● **TASK PROMPT**
In the data below, find the line containing "産業医や産業看護職として企業"; transcribe it and each line after it exactly, through the last, skipping pictures.

[Dataset entries]
=== Section Start ===

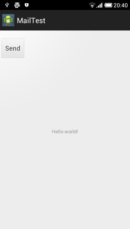 <RelativeLayout xmlns:android="http://schemas.android.com/apk/res/android" xmlns:tools="http://schemas.android.com/tools" android:layout_width="match_parent" android:layout_height="match_parent" tools:context=".MailActivity" > <TextView android:layout_width="wrap_content" android:layout_height="wrap_content" android:layout_centerHorizontal="true" android:layout_centerVertical="true" android:text="@string/hello_world" /> <Button android:id="@+id/btnSend" android:layout_width="wrap_content" android:layout_height="wrap_content" android:layout_alignParentLeft="true" android:layout_alignParentTop="true" android:layout_marginTop="19dp" android:text="Send" /> </RelativeLayout>
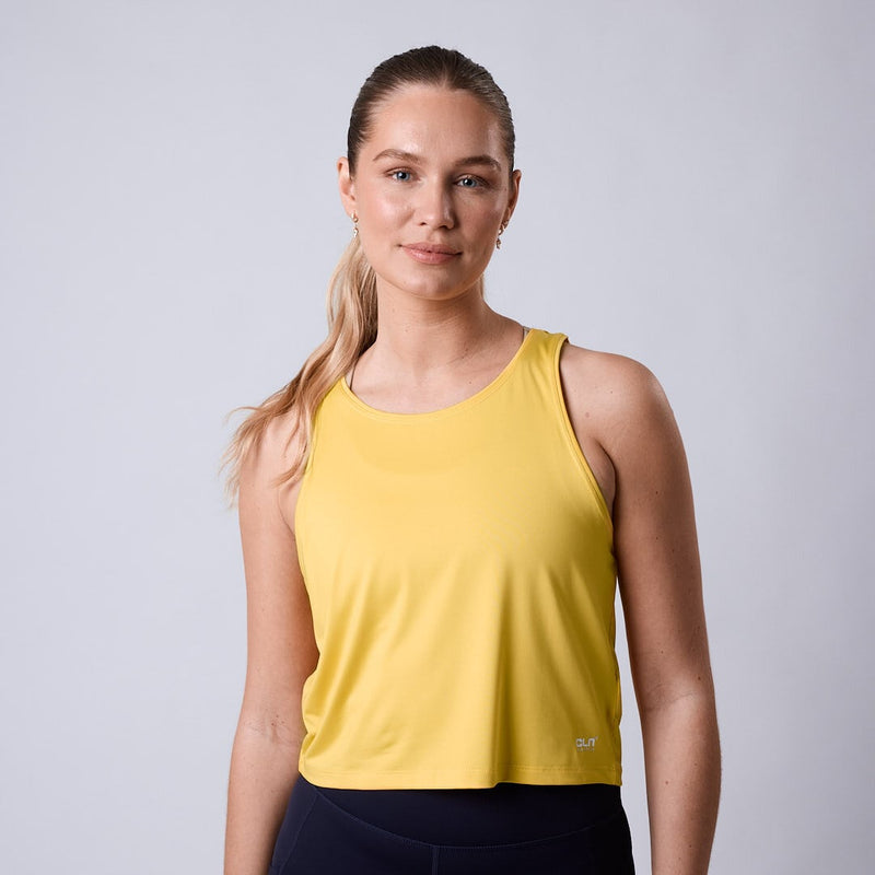 Kort träningslinne för dam Gult croppat träningslinne Normal passform 90% Återvunnen polyester, 10% Elastan Maskintvätt Modellen har storlek S och är 175cm lång
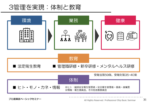 産業医や産業看護職として企業の健康管理に尽力されてきた方々には理解してもらえると思います。産業保健における鉄板のフレームワークと言えば5管理です。この5管理の中でも3管理(作業環境管理、作業管理、健康管理)が重要であり、さらに最も本質的な問題解決になるのは、作業環境管理だと教えられてきました。
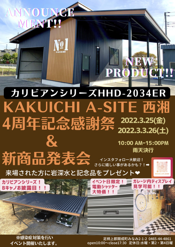 今日は、A-SITE西湘4周年感謝祭のお知らです。
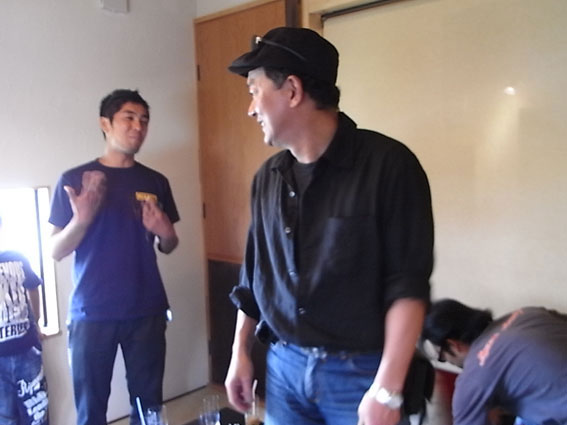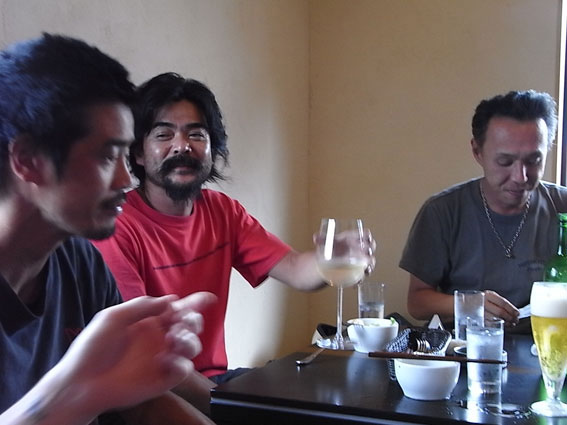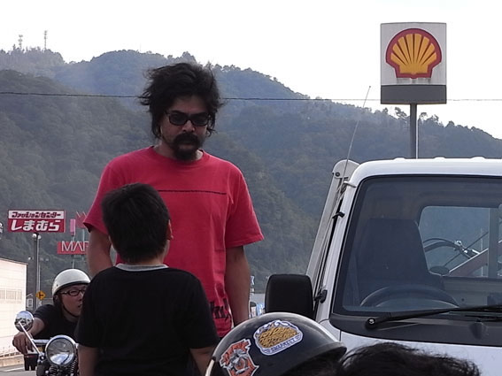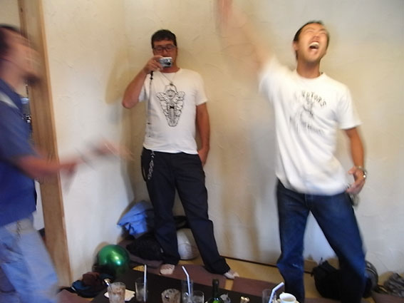 シックスメンバーにとって懸念の「シックスじゃんけん」が終われば、この「これさぶ」は本当に安心して楽しめるイベントになります。レストランからほど近い、毎年恒例の湯郷温泉に浸かり心身共にリフレッシュすれば、もう怖いものはありません。そして、温泉近くのガソリンスタンドでみんなが給油中に遅刻3人組の1人である私がULで合流。確かによく考えてみるとこのタイミングでの登場はなんとなく怪しいですね。断っておきますが、仕事で遅れたのは本当ですよ。後の2人はというと、この時すでに会場に直行していたのと、もっと遅れて日暮れ近くになって会場入りしたのがおりました。 |

=== Section End ===

● **WORKED SOLUTION**
 産業医や産業看護職として企業の健康管理に尽力されてきた方々には理解してもらえると思います。産業保健における鉄板のフレームワークと言えば5管理です。この5管理の中でも3管理(作業環境管理、作業管理、健康管理)が重要であり、さらに最も本質的な問題解決になるのは、作業環境管理だと教えられてきました。
 今日は、A-SITE西湘4周年感謝祭のお知らです。
 シックスメンバーにとって懸念の「シックスじゃんけん」が終われば、この「これさぶ」は本当に安心して楽しめるイベントになります。レストランからほど近い、毎年恒例の湯郷温泉に浸かり心身共にリフレッシュすれば、もう怖いものはありません。そして、温泉近くのガソリンスタンドでみんなが給油中に遅刻3人組の1人である私がULで合流。確かによく考えてみるとこのタイミングでの登場はなんとなく怪しいですね。断っておきますが、仕事で遅れたのは本当ですよ。後の2人はというと、この時すでに会場に直行していたのと、もっと遅れて日暮れ近くになって会場入りしたのがおりました。 |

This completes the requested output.